[[ Data shown, beginning ]]
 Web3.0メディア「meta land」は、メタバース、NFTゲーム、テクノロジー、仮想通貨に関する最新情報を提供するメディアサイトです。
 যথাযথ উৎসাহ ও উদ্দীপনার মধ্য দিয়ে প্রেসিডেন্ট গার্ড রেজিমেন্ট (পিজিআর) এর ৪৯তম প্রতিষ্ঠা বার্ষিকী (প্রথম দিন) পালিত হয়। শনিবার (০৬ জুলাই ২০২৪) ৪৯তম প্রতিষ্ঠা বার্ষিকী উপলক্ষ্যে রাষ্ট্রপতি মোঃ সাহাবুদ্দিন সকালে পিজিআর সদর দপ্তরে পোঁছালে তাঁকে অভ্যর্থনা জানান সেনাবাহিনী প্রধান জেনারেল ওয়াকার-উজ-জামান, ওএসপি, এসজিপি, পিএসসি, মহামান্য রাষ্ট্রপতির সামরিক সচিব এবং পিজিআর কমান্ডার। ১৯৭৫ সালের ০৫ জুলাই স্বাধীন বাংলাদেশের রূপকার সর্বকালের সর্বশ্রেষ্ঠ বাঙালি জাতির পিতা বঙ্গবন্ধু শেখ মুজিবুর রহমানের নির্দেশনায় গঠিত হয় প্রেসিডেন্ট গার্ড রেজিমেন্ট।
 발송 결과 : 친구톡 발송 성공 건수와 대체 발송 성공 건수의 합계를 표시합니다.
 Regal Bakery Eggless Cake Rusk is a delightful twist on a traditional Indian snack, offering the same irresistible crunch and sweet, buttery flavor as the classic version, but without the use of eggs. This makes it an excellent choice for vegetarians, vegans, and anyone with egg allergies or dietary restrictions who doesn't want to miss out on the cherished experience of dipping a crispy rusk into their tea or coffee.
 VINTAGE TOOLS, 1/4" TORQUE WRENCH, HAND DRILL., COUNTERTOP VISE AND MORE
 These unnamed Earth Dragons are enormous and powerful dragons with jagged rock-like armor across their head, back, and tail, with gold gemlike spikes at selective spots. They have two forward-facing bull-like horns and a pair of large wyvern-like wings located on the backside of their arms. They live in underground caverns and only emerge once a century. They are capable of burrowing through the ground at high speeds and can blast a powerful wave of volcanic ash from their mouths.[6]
[[ Data shown, end ]]
Exercise details
Starting with the line above that holds "যথাযথ উৎসাহ ও" and stopping with the line that holds "발송 결과 : 친구톡", reproduce each line exactly, omitting all other lines.

Output below
 যথাযথ উৎসাহ ও উদ্দীপনার মধ্য দিয়ে প্রেসিডেন্ট গার্ড রেজিমেন্ট (পিজিআর) এর ৪৯তম প্রতিষ্ঠা বার্ষিকী (প্রথম দিন) পালিত হয়। শনিবার (০৬ জুলাই ২০২৪) ৪৯তম প্রতিষ্ঠা বার্ষিকী উপলক্ষ্যে রাষ্ট্রপতি মোঃ সাহাবুদ্দিন সকালে পিজিআর সদর দপ্তরে পোঁছালে তাঁকে অভ্যর্থনা জানান সেনাবাহিনী প্রধান জেনারেল ওয়াকার-উজ-জামান, ওএসপি, এসজিপি, পিএসসি, মহামান্য রাষ্ট্রপতির সামরিক সচিব এবং পিজিআর কমান্ডার। ১৯৭৫ সালের ০৫ জুলাই স্বাধীন বাংলাদেশের রূপকার সর্বকালের সর্বশ্রেষ্ঠ বাঙালি জাতির পিতা বঙ্গবন্ধু শেখ মুজিবুর রহমানের নির্দেশনায় গঠিত হয় প্রেসিডেন্ট গার্ড রেজিমেন্ট।
 발송 결과 : 친구톡 발송 성공 건수와 대체 발송 성공 건수의 합계를 표시합니다.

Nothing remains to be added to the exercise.